Автор книги: Тиффани Райз
сообщить о нарушении
Текущая страница: 1 (всего у книги 6 страниц)
Тиффани Райз
«Живи в удовольствие»
Автор: Тиффани Райз
Название на русском: Живи в удовольствие
Серия: Вне серии
Перевод: Skalapendra
Сверка: lildru
Бета-коррект: Султана
Редактор: Amelie_Holman
Оформление: Skalapendra
Глава
1
Круг победителей
Парень в синем начал драку, но парень в красном окончил ее. Ругань превратилась в крик, который привел к толканию и ударам через секунду. Реми выудила телефон из сумки, набрала номер охраны, и через две минуты бой был окончен. Обоих молодых людей, судя по виду подростков из колледжа, вывели. Слишком много алкоголя и тестостерона. Слишком мало здравого смысла.
Реми ощутила укол совести. Она не могла их осуждать, хотя это было так соблазнительно. Не так давно она была в их возрасте и помнила, какой глупой была. Помнила слишком хорошо.
Тем не менее, для нее вся эта ситуация была бессмысленной. Два парня в свитерах противоположных команд, дерущиеся на футбольном мачте, мало кого могли шокировать. Или даже на бейсбольном или баскетбольном матче. Но это были скачки. Когда парни начали драться на лошадиных скачках? Странно. Странно – было единственным подходящим словом.
Странно так же было единственным словом, которым можно было описать человека, который вышел на трибуну и шел к месту Реми. Он был весь в черном, как обычно. Его слаксы, его рубашка (конечно же, безупречно заправленная), кожаные браслеты на обоих запястьях, туфли, носки и белье (если он носил белье) и солнечные очки были черными. Под черным очками скрывались умные голубые глаза, как обычно прищуренные от подозрительности или насмешки. Большинство женщин на трибунах наблюдали, как он шел. Она не осуждала их. Ему было чуть за тридцать, этот мужчина был раздражающе красив и не улыбался. У него был «Не могу дождаться, когда пошатну твой мир в постели и затем заставлю тебя сожалеть о встрече со мной» вид. Женщины часто влюблялись в этот вид. Но не она. У нее не было никакого желания спать с ним. Мужчина был Мерриком Файнголдом. В отличие от женщин, которые сейчас глазами поедали его, Реми была с ним знакома.
– Почему, скажи на милость, я сижу среди плебеев? – спросил Меррик, присаживаясь рядом с ней. Они, должно быть, создавали странную пару, он в загадочном полностью черном облачении, и она в выцветших джинсах, рубашке в клетку и ковбойских сапогах. Он выглядел как рок-звезда, в то время как она больше на девушку из конюшни.
– Это не древний Рим, и они не плебеи. Это такие же люди, как и мы, – ответила Реми и сделала пометку в своем кожаном журнале. – А ты сидишь тут, потому что твой босс хочет, чтобы твоя солнечная персона сидела рядом с ней.
– Вон там у нас есть милая приватная кабина фермы Арден, – заметил Меррик, указывая на секцию клубного балкона, где все владельцы имели личные кондиционируемые места. – И этот твой образ «парень из народа» нарушает мой комфорт.
– Это не образ «парня из народа», – парировала Реми. – Во-первых, я и есть народ, а не из народа. Мы – народ. Во-вторых, я не парень.

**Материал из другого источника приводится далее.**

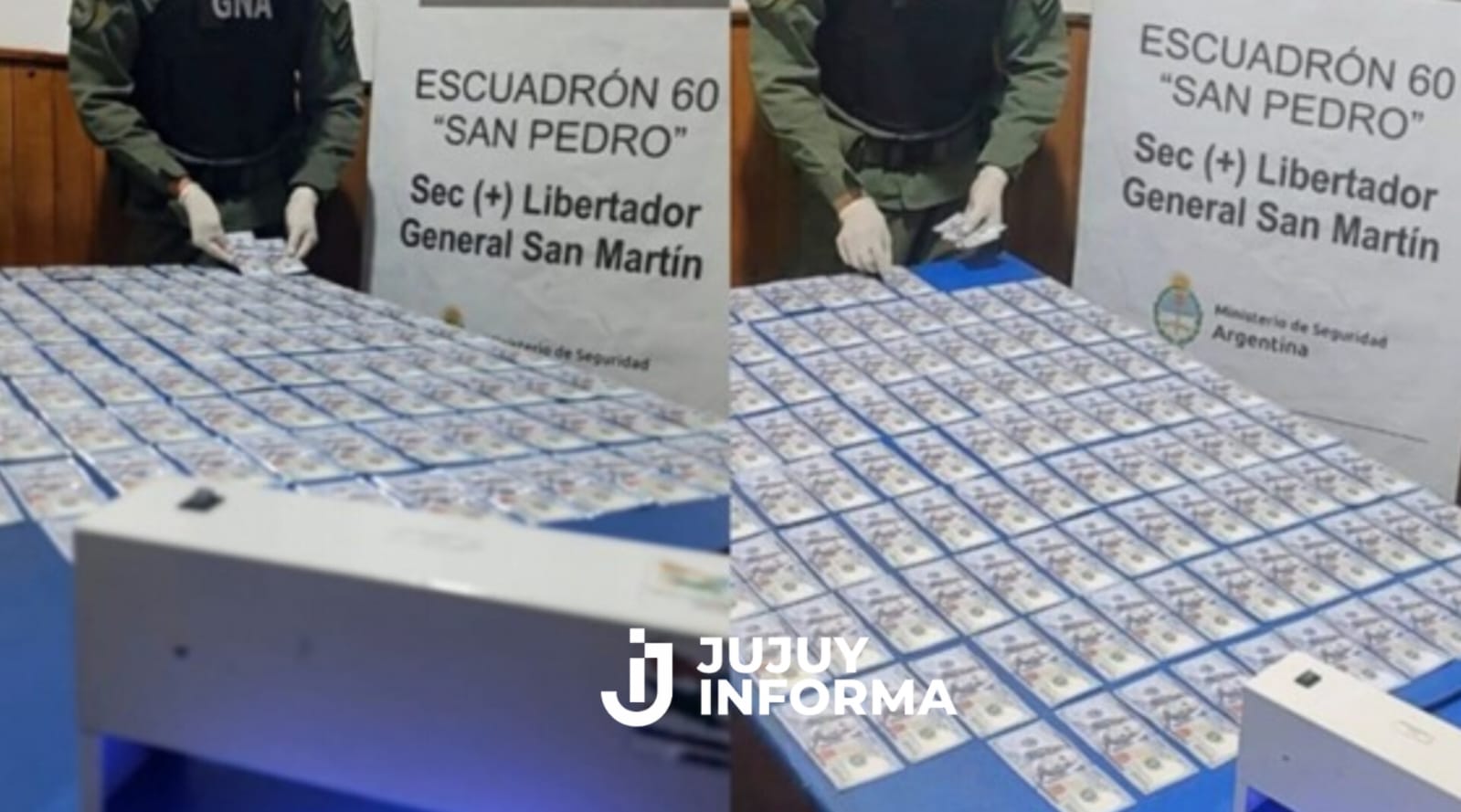 Los funcionarios hallaron adheridos a sus cuerpos fajos con billetes ocultos bajo sus prendas. Peritos de Criminalística y Estudios Forenses, confirmaron que se trataba del traslado de 11.600 dólares en billetes falsos.

– Докажи, – сказал Меррик.
– Я похожа на парня?
– Нет. Ты похожа на горячую блондинку с потрясающим сиськами, которые, скорее всего, искусственные и, исходя из моих знаний, вполне можешь быть мужчиной.
– Я не сплю с тобой. Я твой работодатель. Ты мой ассистент.
– Пока я не увижу тебя голой, не буду полностью уверен, мужчина ты или женщина. Это как киска Шредингера.
– Ты только что использовал термин из квантовой физики, чтобы подкатить ко мне. Я почти впечатлена.
– Впечатлена достаточно, чтобы переспать со мной? – уточнил Меррик.
– Нет.
Меррик пожал плечами. Казалось, он философски отнесся к ее отказу и ни на йоту не был разочарован. Несмотря на его квантовый флирт, интерес Меррика быль не более чем механическим. И у нее не было никакого интереса к нему. Ей было двадцать шесть, а ему тридцать шесть. Для нее Меррик был словно старший брат. Старший брат, которому она платила, чтобы тот делал все, что она ему прикажет. Лучший вид старших братьев. Тип, которого она могла уволить.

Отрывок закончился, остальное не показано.